Mis escenas favoritas: Anatomía de un asesinato (Anatomy of a Murder, Otto Preminger, 1959)

Además de ser una excelente película y uno de los más grandes clásicos del cine de juicios, esta obra maestra de Otto Preminger resulta decisiva en la historia de Hollywood por esta secuencia que incluye la denominación directa, sin censuras ni alusiones veladas, de una palabra hasta entonces vetada en las películas. El cine daba un paso más, hoy aparentemente simple e ingenuo pero entonces crucial y casi escandaloso, en su camino hacia la emancipación del Código de Producción.

9 comentarios sobre “Mis escenas favoritas: Anatomía de un asesinato (Anatomy of a Murder, Otto Preminger, 1959)

  1. Hace mucho, demasiado tiempo, que no veo este film y ahora, con tu reseña, me has animado a volver sobre él.
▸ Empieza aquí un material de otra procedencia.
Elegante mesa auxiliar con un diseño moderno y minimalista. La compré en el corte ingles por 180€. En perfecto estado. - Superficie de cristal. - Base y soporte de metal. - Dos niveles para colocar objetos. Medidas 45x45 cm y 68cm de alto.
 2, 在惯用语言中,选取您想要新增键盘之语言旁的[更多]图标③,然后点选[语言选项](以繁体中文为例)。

Igual me hago un ciclo completo de Preminguer esta temporada pues hace escasos días que he vuelto a ver Angel face y me sigue hipnotizando, con esa Simons perturbadora, esa música de piano que parece un lamento ante la desgarrada soledad a la que se ve abocada.
    No recordaba la manera tan elegante que tiene el cineasta de rodar, con esos planos secuencia y la profundidad de campo, sugiriendo la presencia del mal. Lo que sí recordaba es al personaje estrella, para mí, del film que tan bien encarna Mona Freeman que, con su buen hacer y la inteligencia que desprende, vaya diez pasos por delante de los demás y robe la película a la pareja protagonista.
    Además de eso, son ellas, las mujeres, las que toman las decisiones, las emprendedoras y autosuficientes (Simmons por su personalidad obsesiva pero su madrastra es el prototipo de mujer que no se arredra ante nada). Ellos, aquí, son meros satélites a la sombra de ellas (hasta Mitchum queda un tanto deslucido, a mi parecer, ante la sirena que lo llevará a la perdición).
    Hoy, que tanto se atiborra y nutre el cine de efectos especiales, se hace necesario revisitar películas como ésta, en la que todo el argumento transcurre con una modélica y parsimoniosa respiración latente y contenida, estallando con toda su crudeza en las extraordinarias escenas de los coches despeñándose por la colina. Sencillamente colosal.

    Besos.

  2. Un último apunte, totalmente innecesario pero que para mí es algo que siempre me pasa cada vez que veo a Herbert Marshall. ¿Aguien más advierte, en sus rasgos faciales, un cierto parecido con el gran Jack Lemmon?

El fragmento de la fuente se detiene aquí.